What to work on
Any picture in the listing is left out of the copy; all else is duplicated exactly.

BEGIN Information shown

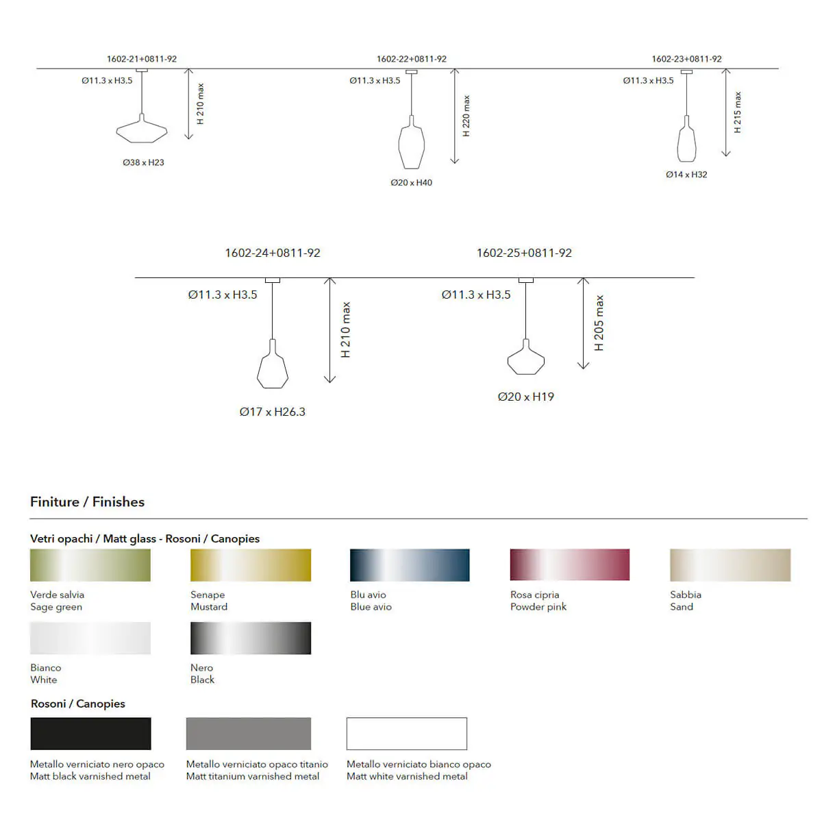 Die Mom-Lampen sind von der venezianischen Tradition inspiriert und erinnern in Form und undurchsichtigen Oberflächen an die klassischen Murano-Glasvasen. Sie sind auch in Tisch- und Wandvarianten erhältlich und in den glänzenden Ausführungen wirken sie wie kostbare Edelsteine.
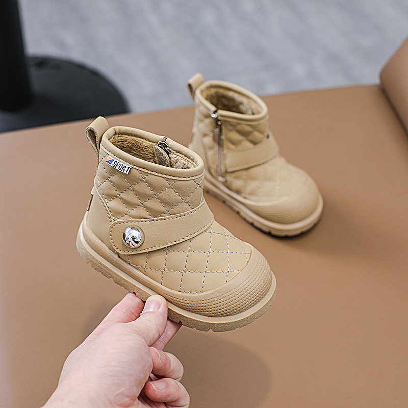 어린이 일본 시리즈 마름모꼴 발목 부츠 걸스 소프트 솔 킥 증명 코튼 슈즈 남성 포 벨벳 따뜻한 금속 사이드 지퍼 마틴 부츠스토어 가기
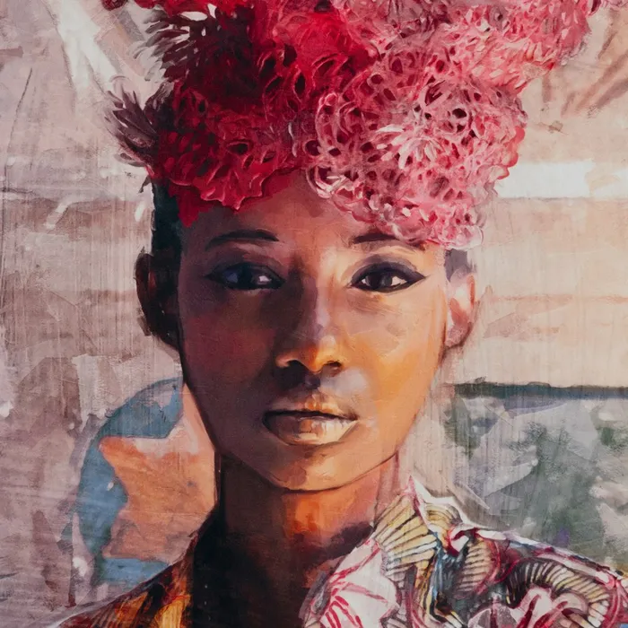 CUADRO IMPRESIÓN MUJER TEJIDO DECORACIÓN 103 X 143 CM

END Information shown

Exercise output
 Die Mom-Lampen sind von der venezianischen Tradition inspiriert und erinnern in Form und undurchsichtigen Oberflächen an die klassischen Murano-Glasvasen. Sie sind auch in Tisch- und Wandvarianten erhältlich und in den glänzenden Ausführungen wirken sie wie kostbare Edelsteine.
 어린이 일본 시리즈 마름모꼴 발목 부츠 걸스 소프트 솔 킥 증명 코튼 슈즈 남성 포 벨벳 따뜻한 금속 사이드 지퍼 마틴 부츠스토어 가기
 CUADRO IMPRESIÓN MUJER TEJIDO DECORACIÓN 103 X 143 CM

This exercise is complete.